Task requirements | Once "360直播吧8月31日讯 N" turns up in a line below, reproduce that line and those after it exactly, stopping after the line with "北条小開校式で、作詞・作曲の"; leave pictures out.

═════ Study material

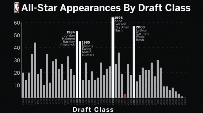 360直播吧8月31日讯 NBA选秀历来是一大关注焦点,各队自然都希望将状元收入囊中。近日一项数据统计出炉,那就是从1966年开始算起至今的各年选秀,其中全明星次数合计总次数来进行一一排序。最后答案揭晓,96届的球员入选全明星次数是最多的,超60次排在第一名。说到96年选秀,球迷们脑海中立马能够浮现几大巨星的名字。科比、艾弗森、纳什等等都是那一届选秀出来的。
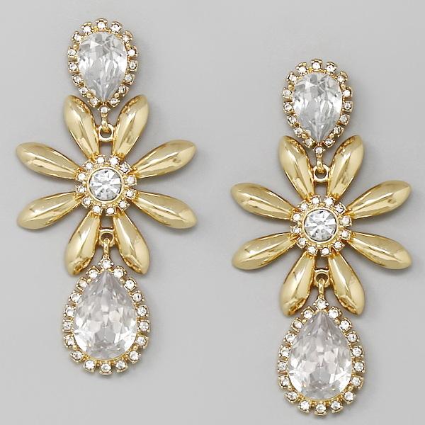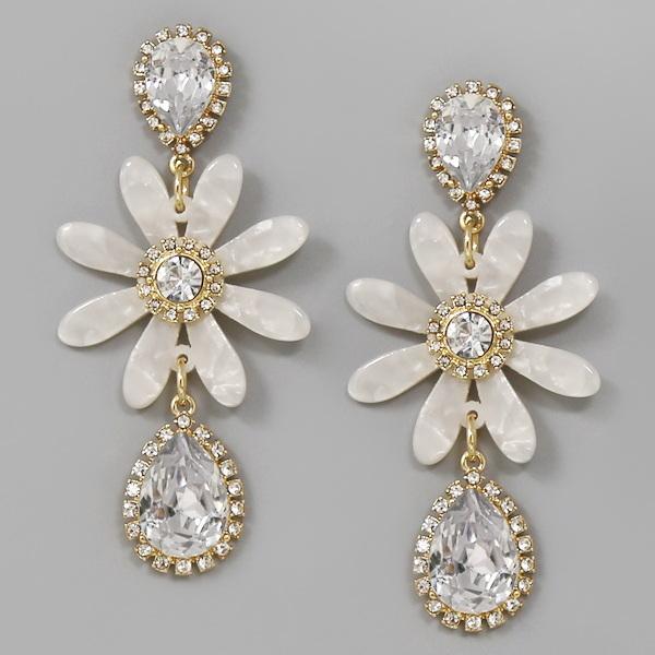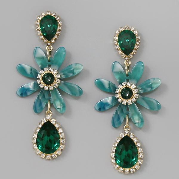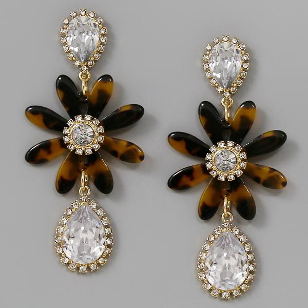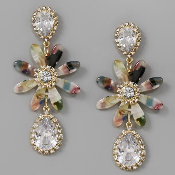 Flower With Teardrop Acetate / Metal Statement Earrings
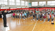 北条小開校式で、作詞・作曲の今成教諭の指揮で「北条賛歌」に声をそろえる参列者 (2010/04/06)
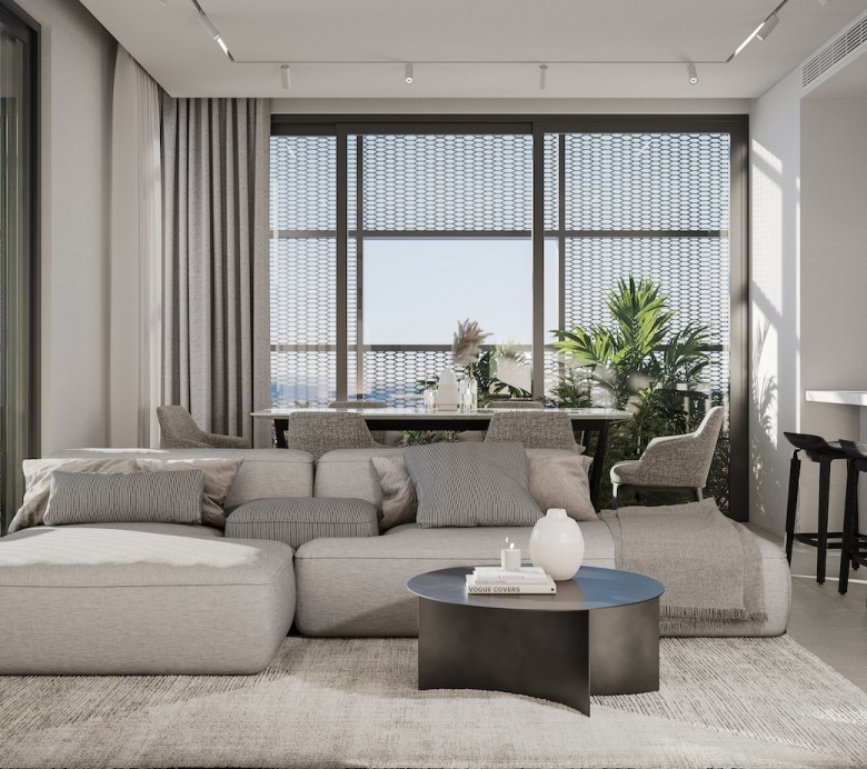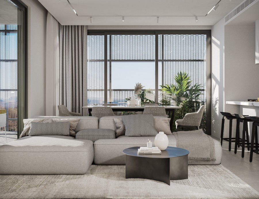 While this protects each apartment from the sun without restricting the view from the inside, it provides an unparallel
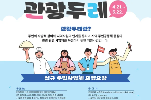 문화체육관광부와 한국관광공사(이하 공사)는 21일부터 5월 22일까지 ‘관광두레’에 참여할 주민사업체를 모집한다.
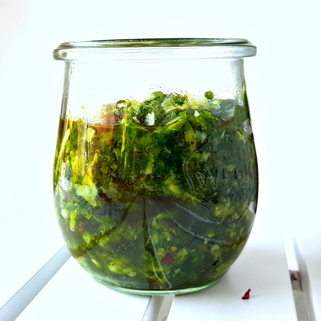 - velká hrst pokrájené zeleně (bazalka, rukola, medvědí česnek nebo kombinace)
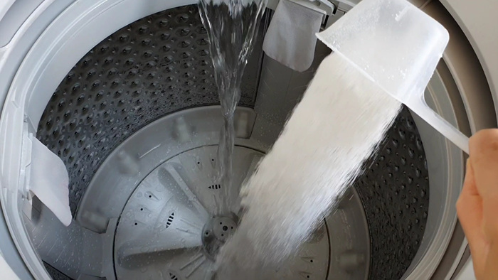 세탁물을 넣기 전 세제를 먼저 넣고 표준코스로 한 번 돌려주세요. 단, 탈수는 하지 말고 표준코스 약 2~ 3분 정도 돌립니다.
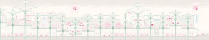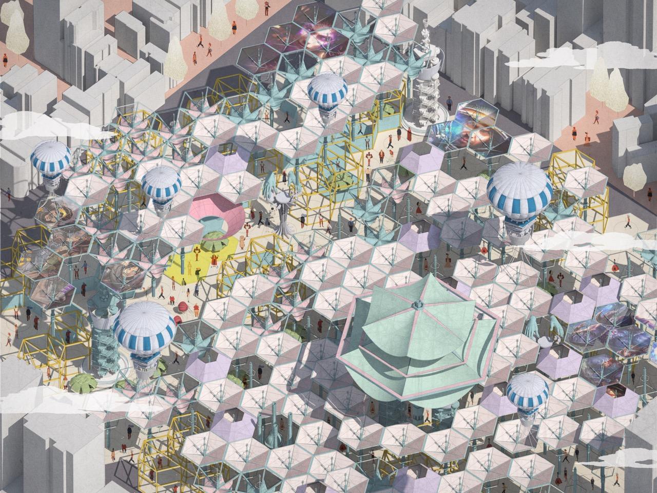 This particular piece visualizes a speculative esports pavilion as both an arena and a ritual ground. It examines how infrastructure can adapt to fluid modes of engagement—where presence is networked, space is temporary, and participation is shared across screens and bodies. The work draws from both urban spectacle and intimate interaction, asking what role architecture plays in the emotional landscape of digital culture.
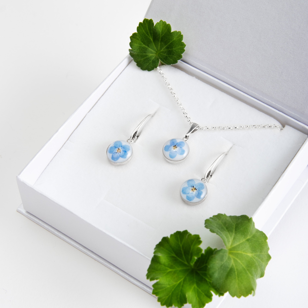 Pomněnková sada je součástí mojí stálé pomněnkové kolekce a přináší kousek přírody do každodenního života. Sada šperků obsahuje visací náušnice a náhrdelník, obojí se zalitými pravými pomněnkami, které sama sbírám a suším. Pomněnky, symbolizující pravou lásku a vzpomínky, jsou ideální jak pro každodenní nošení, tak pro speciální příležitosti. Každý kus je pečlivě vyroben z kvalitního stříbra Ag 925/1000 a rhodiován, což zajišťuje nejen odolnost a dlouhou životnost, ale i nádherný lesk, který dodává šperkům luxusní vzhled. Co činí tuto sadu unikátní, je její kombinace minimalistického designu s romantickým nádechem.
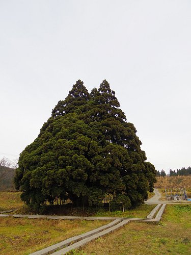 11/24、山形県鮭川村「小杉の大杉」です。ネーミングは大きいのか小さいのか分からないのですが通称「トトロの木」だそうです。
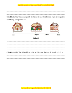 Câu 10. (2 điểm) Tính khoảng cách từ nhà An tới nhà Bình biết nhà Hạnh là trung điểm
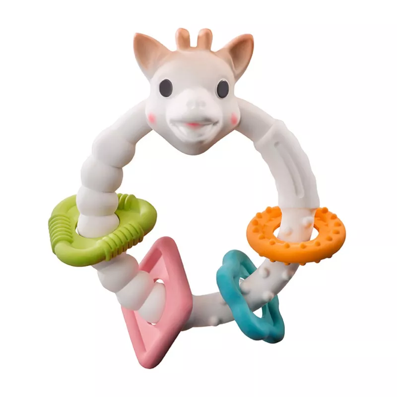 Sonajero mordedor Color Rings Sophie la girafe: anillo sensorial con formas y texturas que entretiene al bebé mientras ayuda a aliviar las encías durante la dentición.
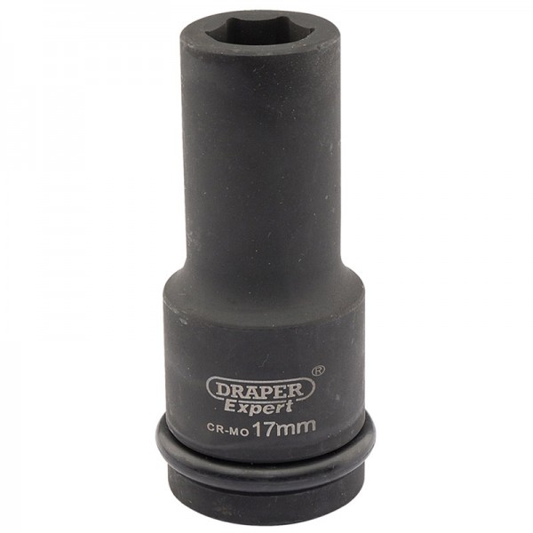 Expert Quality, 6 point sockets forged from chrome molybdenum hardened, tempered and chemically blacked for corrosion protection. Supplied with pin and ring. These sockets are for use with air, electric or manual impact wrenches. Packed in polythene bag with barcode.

══════════
═════ Study material

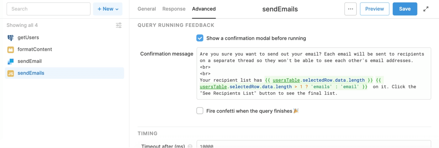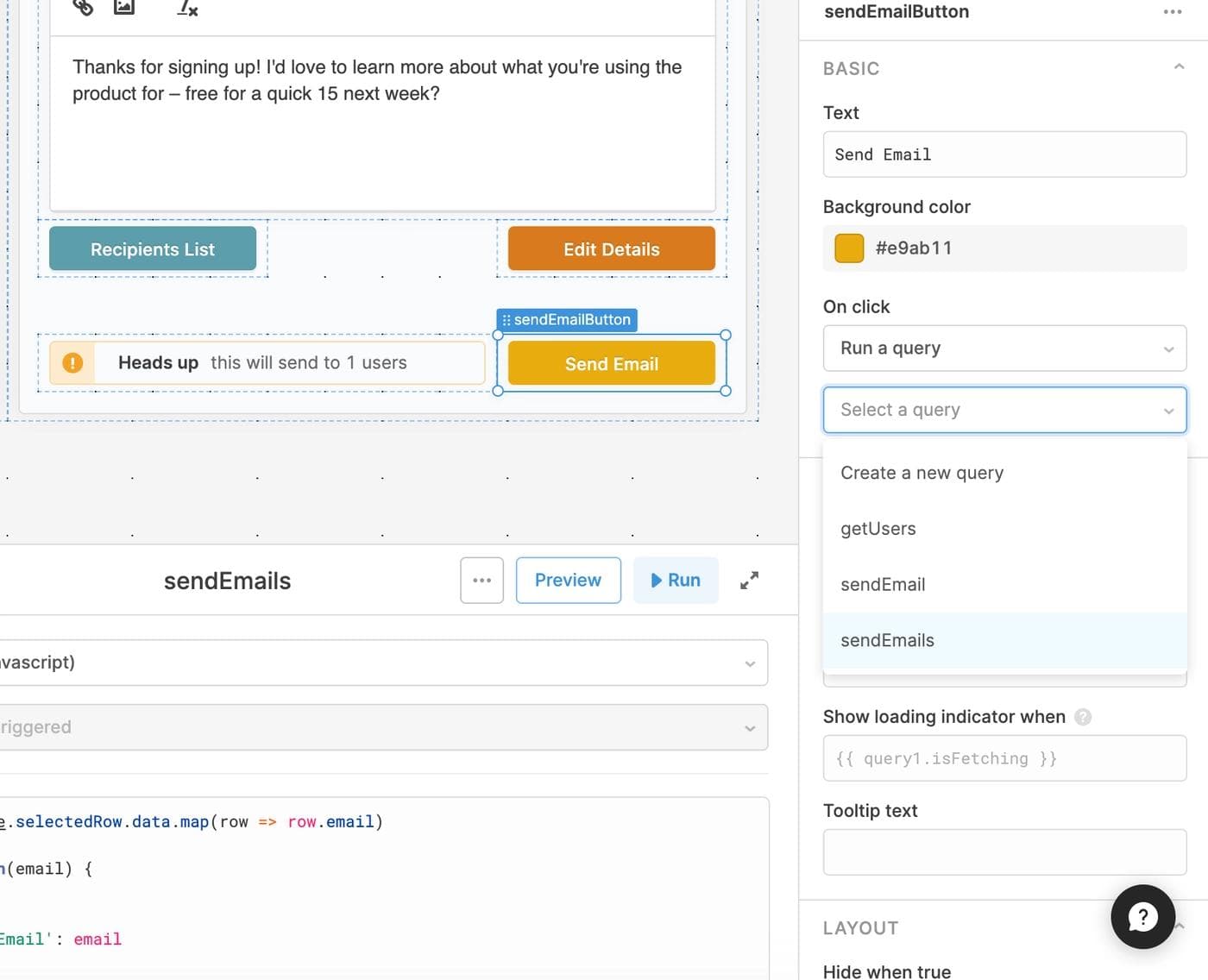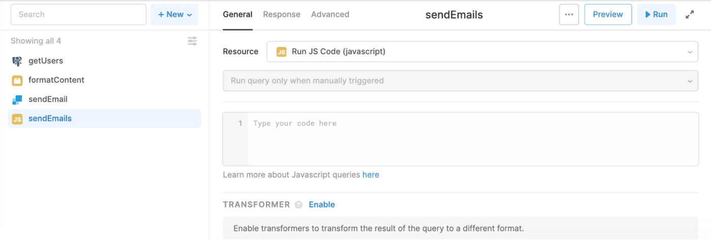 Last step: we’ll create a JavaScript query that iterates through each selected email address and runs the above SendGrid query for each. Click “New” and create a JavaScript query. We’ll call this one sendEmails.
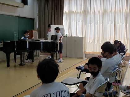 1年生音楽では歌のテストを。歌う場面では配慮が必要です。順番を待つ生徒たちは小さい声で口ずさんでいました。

══════════

Response box |
 360直播吧8月31日讯 NBA选秀历来是一大关注焦点,各队自然都希望将状元收入囊中。近日一项数据统计出炉,那就是从1966年开始算起至今的各年选秀,其中全明星次数合计总次数来进行一一排序。最后答案揭晓,96届的球员入选全明星次数是最多的,超60次排在第一名。说到96年选秀,球迷们脑海中立马能够浮现几大巨星的名字。科比、艾弗森、纳什等等都是那一届选秀出来的。
 Flower With Teardrop Acetate / Metal Statement Earrings
 北条小開校式で、作詞・作曲の今成教諭の指揮で「北条賛歌」に声をそろえる参列者 (2010/04/06)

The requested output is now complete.